Berge got a businessman to provide backing for the young designer to establish his own fashion house, and Saint Laurent presented his first collection under his own name in 1962.
The "YSL" empire grew steadily and Saint Laurent showed an instinctive ability to sense what the mood on the streets was and turn it into high fashion.
But by the late 1980s his health problems were an issue.
Insiders said Saint Laurent, who never read newspapers or listened to the radio, became increasingly cut off from reality and lost touch with all but a tiny group of friends.
"Fame has destroyed him," Berge once said.
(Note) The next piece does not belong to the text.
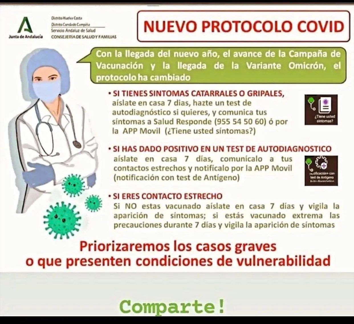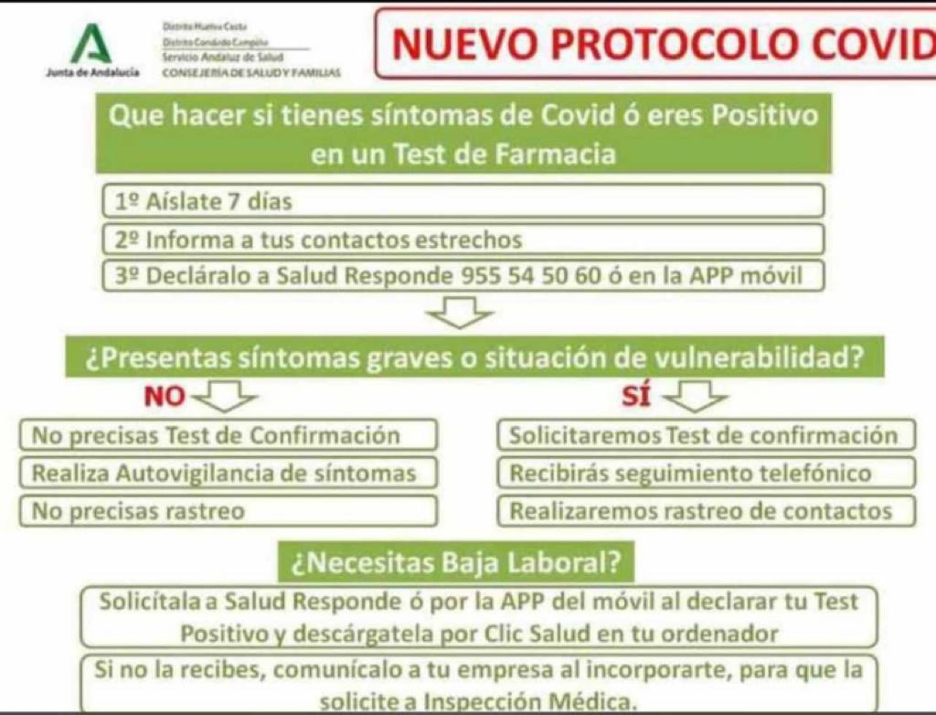 Nuevo protocolo COVID. Consejería de Salud y Familias de la Junta de Andalucía.

"All designers have a bit of the megalomaniac in them -- the only difference is that the fake designers, the bad ones, are happy megalomaniacs while the real ones are unhappy megalomaniacs. Saint Laurent is an unhappy megalomaniac."
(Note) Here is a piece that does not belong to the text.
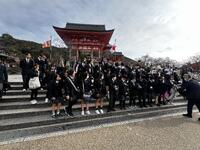 12月3日(水)、2学年は修学旅行に出発。校長先生のメッセージを胸に、古川駅から新幹線で京都駅へ向かいました。長時間の移動を経て無事に京都に到着後、一行は清水寺を訪問し、歴史的な景観から古都の文化の深さを体感しました。続いて訪れた金閣寺(鹿苑寺)では、池に映る黄金の美しさに感動しました。京都での散策を終え、宿泊地であるラ・ジェント・ホテル大阪ベイへ移動しました。大きなトラブルもなく初日を終え、翌日の活動に向けて体を休めました。

Despite the personal demons, his business empire thrived. The 1989 flotation was a runaway success.
But when the Gulf War erupted and the world economy slumped in the early 1990s, Berge and Saint Laurent sank into debt.
In 1992, YSL was absorbed by cosmetics and drugs company Sanofi, with Saint Laurent retaining creative control. Then in 1999 it was bought by the Gucci group, itself controlled by French luxury giant PPR.
Saint Laurent, rarely seen in public after his retirement, was awarded one of France's top honours in 2007.
RTL radio said a funeral service was planned for Friday.